[WORK REQUEST]:
Below are some records. Write out exactly their lines from the one with "Здравствуйте, La St-Hubsphair" through the one with "卢旺达2-1客场逆转尼日利亚,丘库埃泽破僵,恩舒蒂制胜", and leave the pictures behind.
——————————
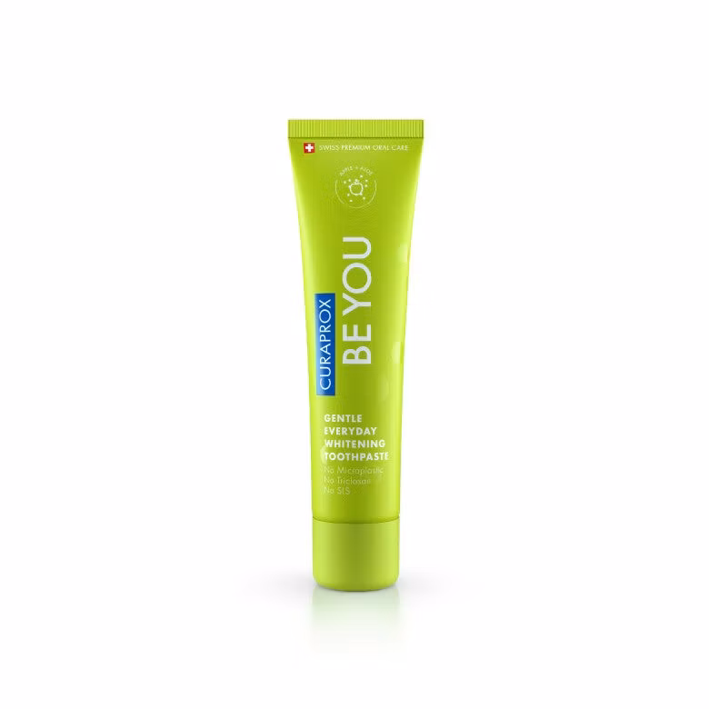 Curaprox Be You një pastë dhëmbësh me Mollës të Gjelbër, Aloe Vera dhe Nenexhik. Falë Enzimave, Hidroksiapatitit dhe Bimëve mbron nga kariesi, ju jep një frymëmarrdhje të freskët, ndihmon kundër ndjeshmërisë, nuk provokon aknet, minimizon pllakat dhe kujdeset për mishrat e dhëmbëve. Efekt zbardhues me Oksidazën e Glukozës. Mbrojtje nga kariesi nga fluori dhe ksilitoli. Mentol jep freski të qëndrueshme dhe Silica bën një pastrim të butë. Provitamin B5 (panthenol).Pa SLS.
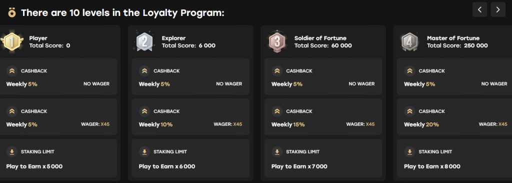 - Platinum Card: Den ultimata nivån. Här får du 10% daglig cashback utan krav och 50% weekly cashback, plus en personlig VIP-manager tillgänglig dygnet runt.
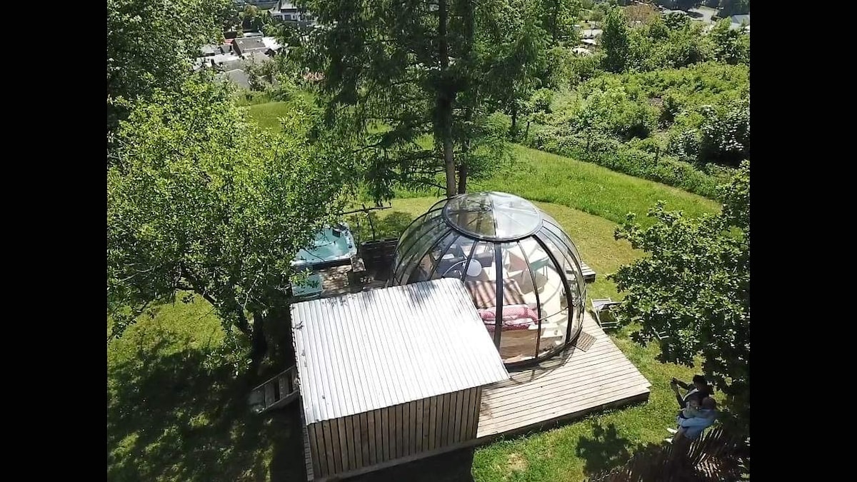 Здравствуйте, La St-Hubsphair - необычное жилье: купол, установленный в буколическом месте и идеально подходящий для Glam 'ing. Дополнительный бонус? Довольно хороший вид, верно? Мы предлагаем организовать необычные ночи на 100% настраиваемые в соответствии с вашими сумасшедшими запросами и жаждой. 😝
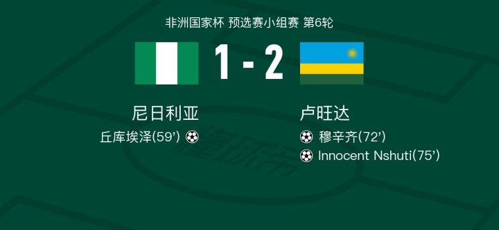 卢旺达2-1客场逆转尼日利亚,丘库埃泽破僵,恩舒蒂制胜
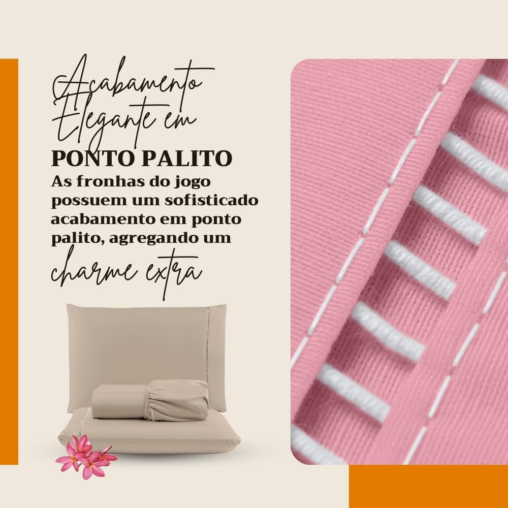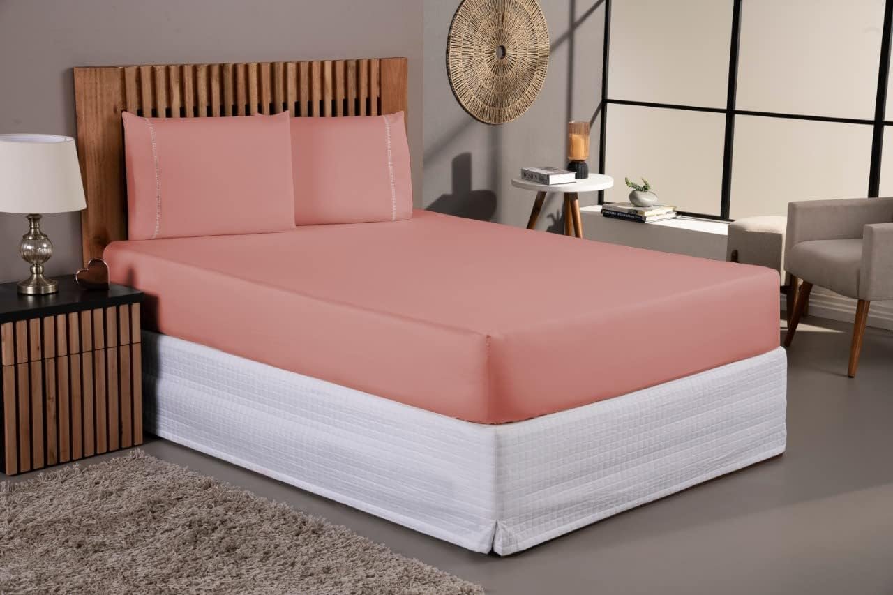Kit Jogo De Lençol 400 Fios Percal Poliéster Liso Toque Macio com Elástico Diversos Tamanho Solteiro Casal Queen King Size (Rose, Queen)
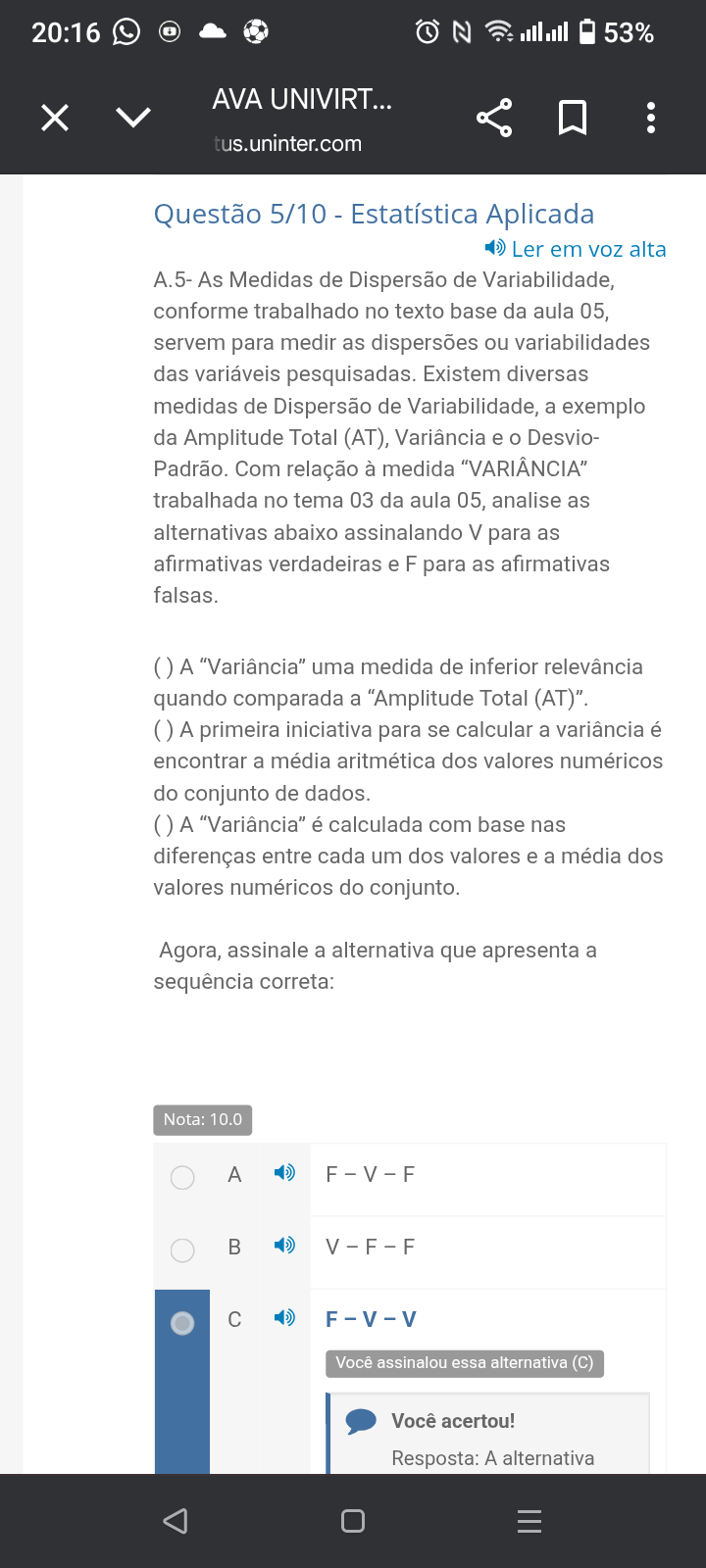 20:16 53% AVA UNIVIRT... X tus.uninter.com Questão 5/10 Estatística Aplicada Ler em voz alta A.5- As Medidas de Dispersão de Variabilidade, conforme trabalhado no texto base da aula 05, servem para medir as dispersões ou variabilidades das variáveis pesquisadas. Existem diversas medidas de Dispersão de Variabilidade, a exemplo da Amplitude Total (AT), Variância e Desvio- Padrão. Com relação à medida "VARIÂNCIA" trabalhada no tema 03 da aula 05, analise as alternativas abaixo assinalando V para as afirmativas verdadeiras e F para as afirmativas falsas. () A "Variância" uma medida de inferior relevância quando comparada a "Amplitude Total (AT)". () A primeira iniciativa para se calcular a variância é encontrar a média aritmética dos valores numéricos do conjunto de dados. () A "Variância" é calculada com base nas diferenças entre cada um dos valores e a média dos valores numéricos do conjunto. Agora, assinale a alternativa que apresenta a sequência correta: Nota: 10.0 A F-V-F V-F-F - F-V-V Você assinalou essa alternativa (C) Você acertou! Resposta: A alternativa
——————————
[RESPONSE]:
 Здравствуйте, La St-Hubsphair - необычное жилье: купол, установленный в буколическом месте и идеально подходящий для Glam 'ing. Дополнительный бонус? Довольно хороший вид, верно? Мы предлагаем организовать необычные ночи на 100% настраиваемые в соответствии с вашими сумасшедшими запросами и жаждой. 😝
 卢旺达2-1客场逆转尼日利亚,丘库埃泽破僵,恩舒蒂制胜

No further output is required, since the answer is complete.